Преступление падре Амаро | страница 120



В этот поздний час типография, помещавшаяся в первом этаже, бывала уже заперта (очередной номер набирали по субботам); Агостиньо находился наверху. Он сидел на скамье, в истертой кожаной куртке, некогда застегивавшейся на серебряные крючки, которые были давно спороты и снесены в ломбард, и при свете уродливой керосиновой лампы размышлял над листком бумаги: он готовил следующий номер газеты. Плохо освещенная комната походила на темную пещеру. Жоан Эдуардо растягивался на плетеном канапе или брал валявшуюся в углу старую гитару Агостиньо и наигрывал «фадо корридо». Журналист между тем, подперев голову кулаком, прилежно творил, но «у него получалось недостаточно шикарно»; даже фадиньо не проясняло его мыслей, и он время от времени вставал, подходил к буфету, опрокидывал стаканчик бренди, прополаскивал пересохшую гортань, потягивался, зевал во весь рот, закуривал сигарету и хрипло напевал, благо рядом тренькала гитара:

Видно, так уж велено судьбой:
Мне дойти до жизни до такой…

Трень-брень-брень, трень-брень!

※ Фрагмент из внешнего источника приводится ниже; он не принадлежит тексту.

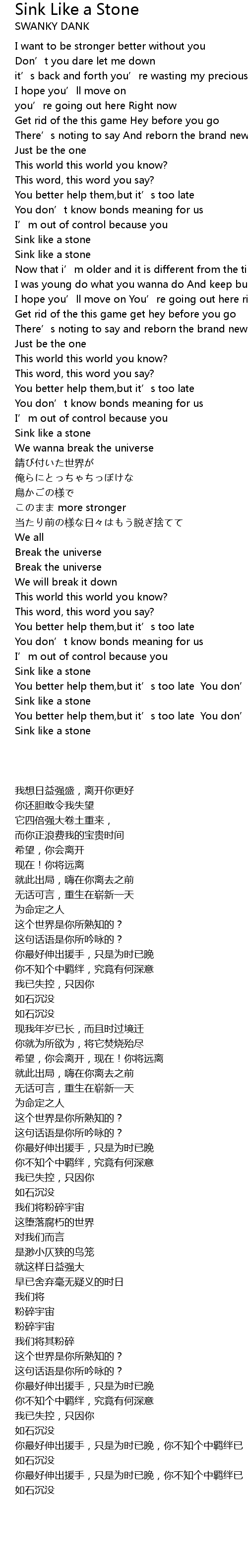 | 歌曲 | Sink Like a Stone |
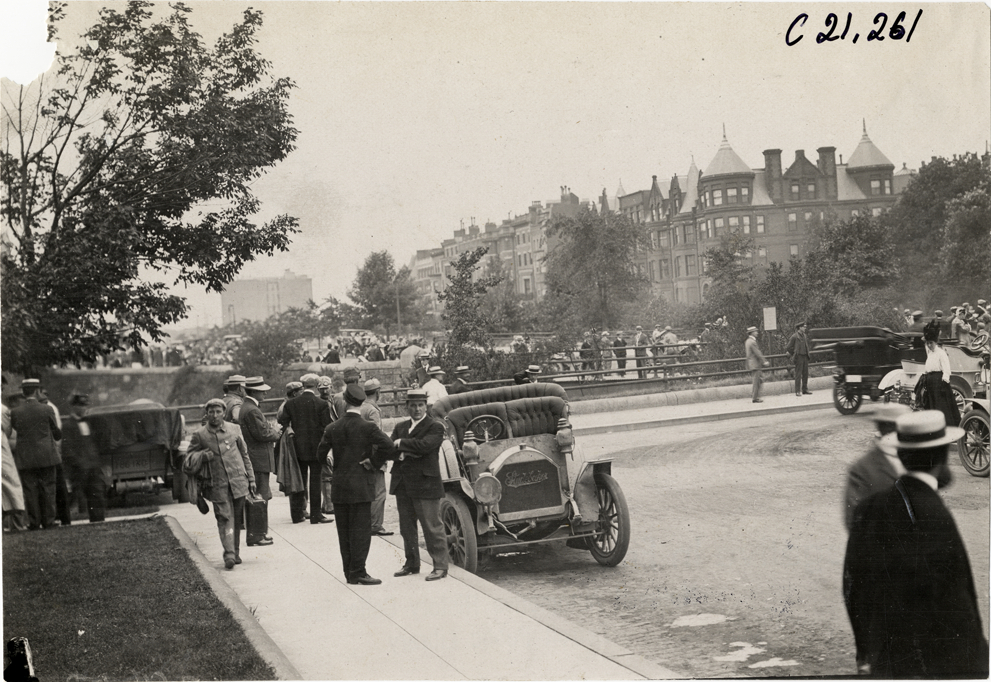 Motorists and spectators with automobiles in street, 1908 Glidden Tour
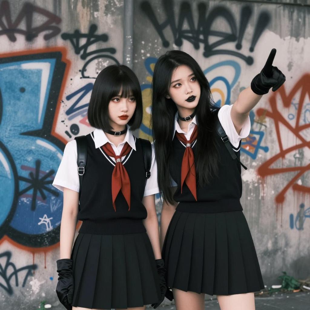 Photograph of two young Asian women in a gritty urban setting with graffiti-covered walls. Both wear black and white schoolgirl outfits with red neckerchiefs, black gloves, and chokers. The woman on the left has a bob haircut, pale skin, and red lipstick. The woman on the right has long black hair, pale skin, and dark lipstick, pointing upwards with her right hand. They stand close together, the woman on the left in front and slightly to the left, the woman on the right behind and to the right.
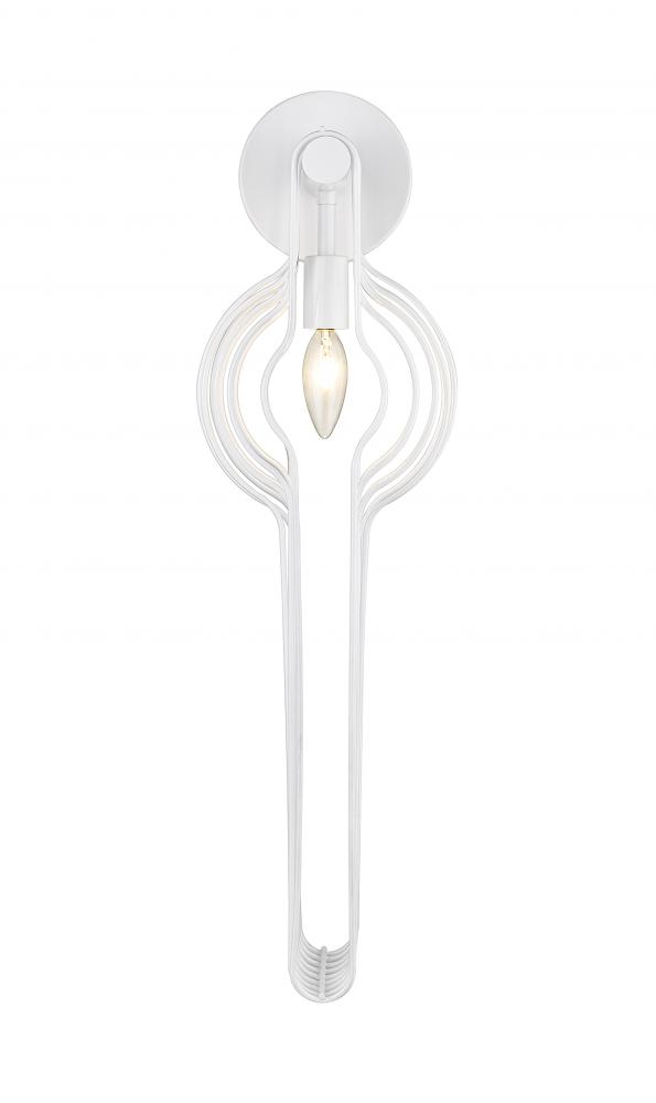 Doubling down on ultra-modern style, this single-light wall sconce becomes a focal point in a contemporary bathroom, bedroom, or hallway. Careful detailing yields a linear design of long white finish steel rods and a glossy white finish frame. A charming candelabra bulb mount delivers a softening effect with pure style.
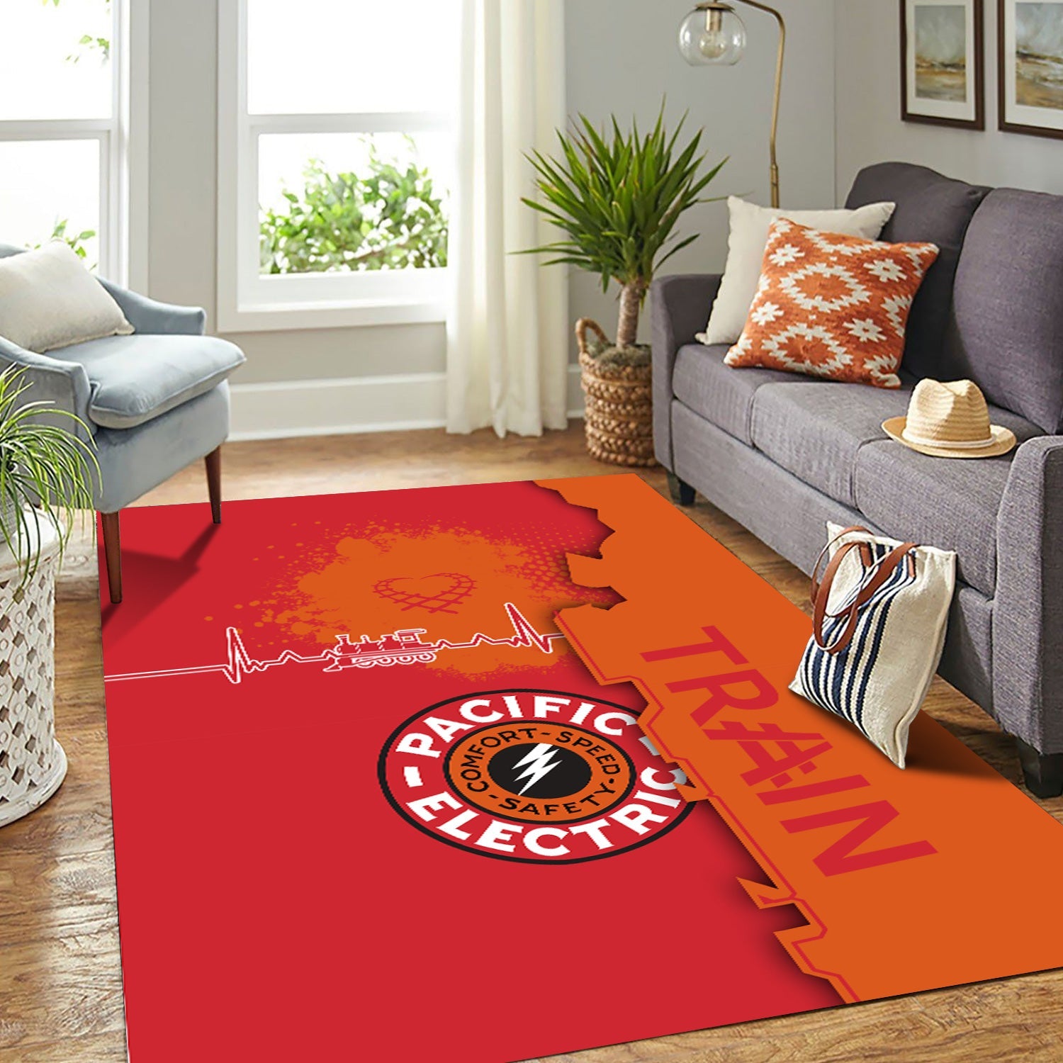 Railspirit Pacific Electric Railroad Area Rug Engine Heartbeat and Track Love Style Rug Gift Idea For Train Lovers
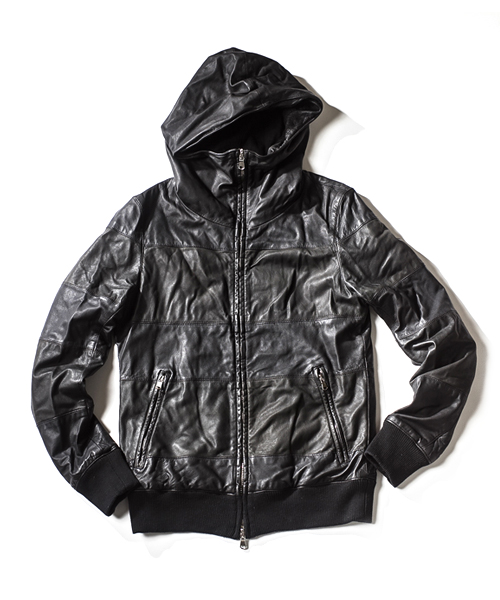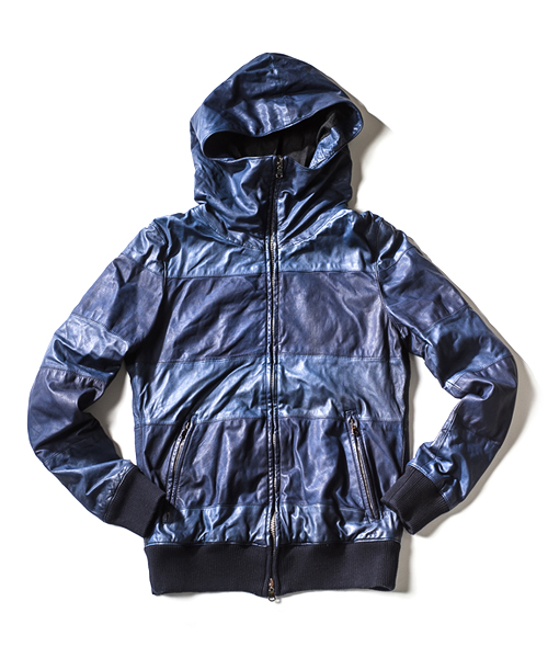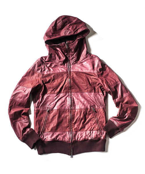 | Detail | エントロフィーノの素材感を生かす為に、シンプルな仕様のハイネックパーカーにて製作。特殊な製品染め用に複雑なパターンを使用している為縫製には職人の高い技術が必要となる。製品染め加工、ドラミング加工の表情がすべて詰まっており他では見る事のできない加工、雰囲気、仕上がりになっている。唯一無二のレザーフーディー。 |
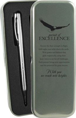 Baudville® "Pursuit of Excellence" Silver pen and pencil gift set is a memorable, functional gift to mark any occasion. It comes in a metal tin with message imprinted on the lid.
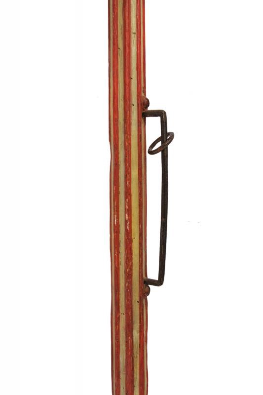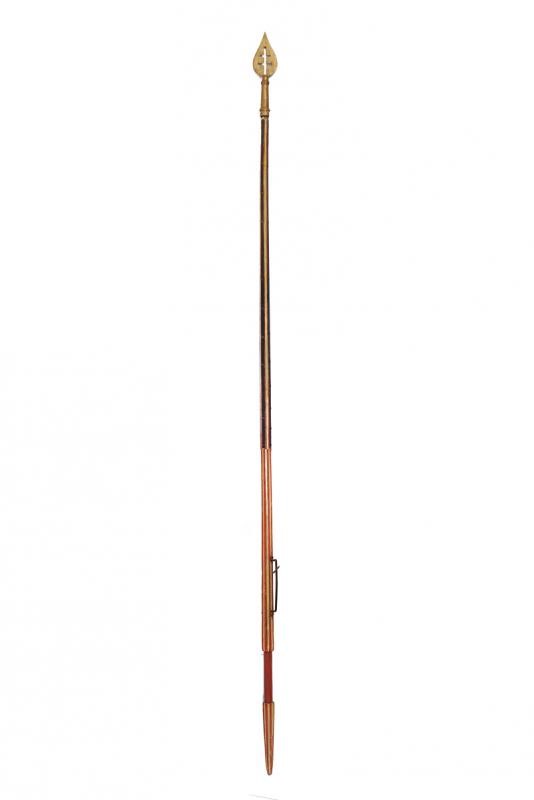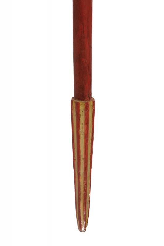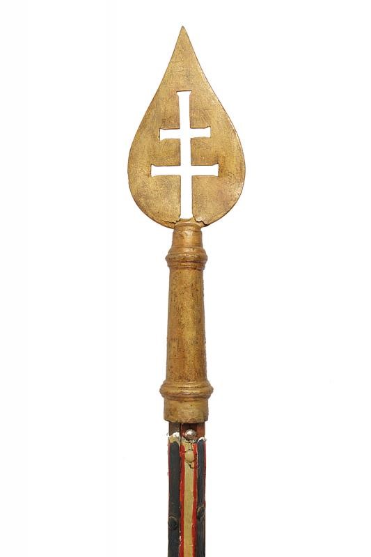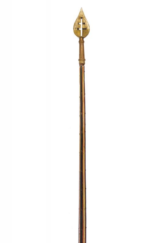 Puntale piatto non affilato, in ferro dorato, traforato con croce patriarcale. Breve gorbia cilindrica. Lunghe bandelle e controbandelle con ribattini. L'asta lignea sul tipo delle lance da giostra, lavorata in legno con lunghe scanalature longitudinali tinte di bianco, il resto della superficie color rosso. L'impugnatura di forma cilindrica e rastremata. Munita di staffa in ferro con anello di sospensione.

Трень-брень-брень, трень-бряк! – отвечала гитара.

Ах, судьба-тиранка, как ты зла!
Ты меня на гибель обрекла…

Этот сюжет, видимо, каждый раз воскрешал в его памяти лиссабонские воспоминания, потому что, кончив куплет, он говорил с отвращением:

– Что тут у вас за скверная дыра!

Агостиньо был безутешен потому, что жизнь загнала его в Лейрию, потому, что нельзя каждый вечер выпивать пинту вина в харчевне у дяди Жоана в Моурарии[85] в компании с Анной-белошвейкой или с «Усачом» и слушать, как Жоан дас Бискас с сигарой во рту, глядя на огонь слезящимся, прищуренным от дыма глазом, повествует под стон гитары о смерти Софии.[86]

Затем, жаждая найти признание своих талантов, он прочитывал Жоану Эдуардо вслух лучшие пассажи из своих статей. И тот слушал с интересом – потому что произведения кузена содержали в последнее время почти исключительно нападки на священников и были под стать настроению самого Жоана Эдуардо.

Это был тот момент, когда из-за нашумевшего дела о попечителях неимущих доктор Годиньо вступил в лютую войну с капитулом и вообще с духовенством. Он и раньше не переносил «долгополых». Доктор страдал неизлечимой болезнью, а церковь наводила его на мысли о кладбище, и потому он возненавидел сутаны: в них было что-то напоминавшее саван. Агостиньо и без того накопил изрядный запас желчи, а теперь, подстегиваемый шефом, травил духовенство самым бессовестным образом; но, отдавая дань литературе, он уснащал свои опусы столь обильными красотами, что, по выражению каноника Диаса, «лаять – лаял, а кусать – не кусал».